• _Work order_:
From the entries below, transcribe exactly the lines between the line holding "美式棕色高腰PU皮半身裙女2023秋冬新款辣妹黑色皮裙包臀短裙裙子" and the line holding "Interaktívny volant TOYZ", inclusive; skip all other lines.

• _Given data_:
---------------

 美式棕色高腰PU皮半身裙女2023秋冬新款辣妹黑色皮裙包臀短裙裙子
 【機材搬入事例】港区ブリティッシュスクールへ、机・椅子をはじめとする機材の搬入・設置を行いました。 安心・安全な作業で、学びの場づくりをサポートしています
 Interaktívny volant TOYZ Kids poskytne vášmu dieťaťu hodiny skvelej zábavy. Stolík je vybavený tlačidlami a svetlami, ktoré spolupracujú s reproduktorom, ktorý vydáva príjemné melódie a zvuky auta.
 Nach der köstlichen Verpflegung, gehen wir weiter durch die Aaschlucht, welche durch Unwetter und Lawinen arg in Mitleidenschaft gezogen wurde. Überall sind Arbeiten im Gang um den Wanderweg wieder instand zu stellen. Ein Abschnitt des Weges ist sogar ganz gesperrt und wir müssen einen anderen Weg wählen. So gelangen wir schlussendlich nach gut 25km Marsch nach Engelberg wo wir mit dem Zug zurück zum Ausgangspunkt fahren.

---------------

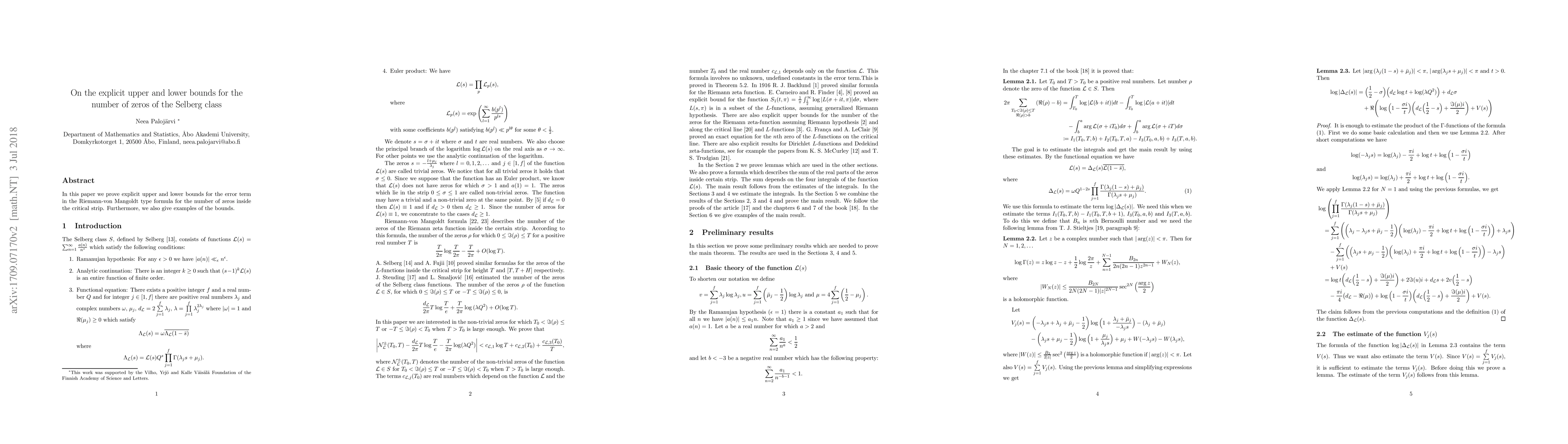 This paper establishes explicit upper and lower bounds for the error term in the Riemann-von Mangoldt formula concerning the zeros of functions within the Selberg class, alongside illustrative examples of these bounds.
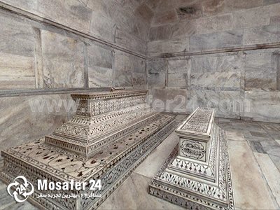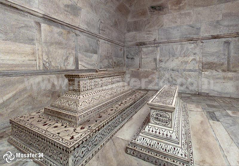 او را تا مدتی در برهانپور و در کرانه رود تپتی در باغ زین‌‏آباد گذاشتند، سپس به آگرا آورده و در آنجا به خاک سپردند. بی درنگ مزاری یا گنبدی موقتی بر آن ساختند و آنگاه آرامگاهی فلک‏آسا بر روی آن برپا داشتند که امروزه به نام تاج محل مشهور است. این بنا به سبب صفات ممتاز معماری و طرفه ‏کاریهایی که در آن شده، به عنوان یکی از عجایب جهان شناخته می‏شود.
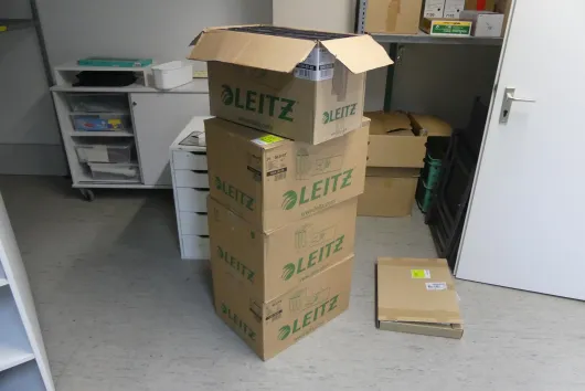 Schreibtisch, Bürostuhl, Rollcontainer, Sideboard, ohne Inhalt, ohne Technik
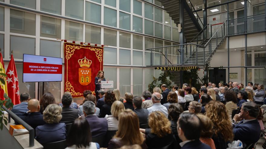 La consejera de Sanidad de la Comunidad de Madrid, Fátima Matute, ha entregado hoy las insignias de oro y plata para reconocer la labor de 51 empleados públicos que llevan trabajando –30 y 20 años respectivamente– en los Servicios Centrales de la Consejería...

---------------

• _Answer to the exercise_:
 美式棕色高腰PU皮半身裙女2023秋冬新款辣妹黑色皮裙包臀短裙裙子
 【機材搬入事例】港区ブリティッシュスクールへ、机・椅子をはじめとする機材の搬入・設置を行いました。 安心・安全な作業で、学びの場づくりをサポートしています
 Interaktívny volant TOYZ Kids poskytne vášmu dieťaťu hodiny skvelej zábavy. Stolík je vybavený tlačidlami a svetlami, ktoré spolupracujú s reproduktorom, ktorý vydáva príjemné melódie a zvuky auta.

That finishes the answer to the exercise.